When someone you care about is spinning out of control, the urge is to save them. Too much drinking, too many pills, too much anxiety or depression – it can be hard to watch your loved one suffering.
First, you want to keep them safe. Second, you want to keep them from harming others. You want to return to a happier time when you did things and laughed together. It can be difficult to know how to start that conversation when there is so much denial, and when so much change is needed.
Your goal in a single conversation is not to “save” or solve the entire problem, but to open up communication and begin to develop trust.
Let’s be honest; one discussion isn’t likely to solve a complicated pattern of substance use. Your goal in a single conversation is not to “save” or solve the entire problem, but to open up communication and begin to develop trust. Your loved one needs you now more than ever!

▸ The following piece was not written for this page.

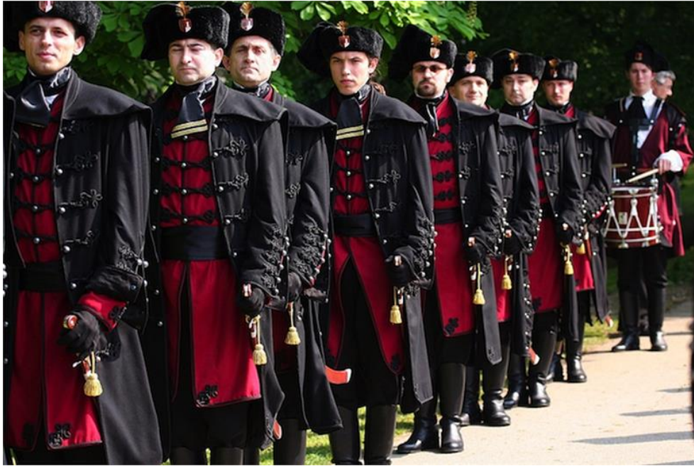
Slika 5. Međimurje danas „čuva“ Zrinska garda grada Čakovca

When you are ready to start that conversation, here are three things that you can try:
1. Remain Calm and Listen
A discussion about substance use needs to be a two-way conversation – both people talking. It is important that you are intentional about maintaining your cool. Don’t assume that you have to do all the work, and you definitely don’t want it to turn into a shouting match. What is most important is that you listen.
A good way to make sure you are truly hearing the other person is to ask questions rather than make statements.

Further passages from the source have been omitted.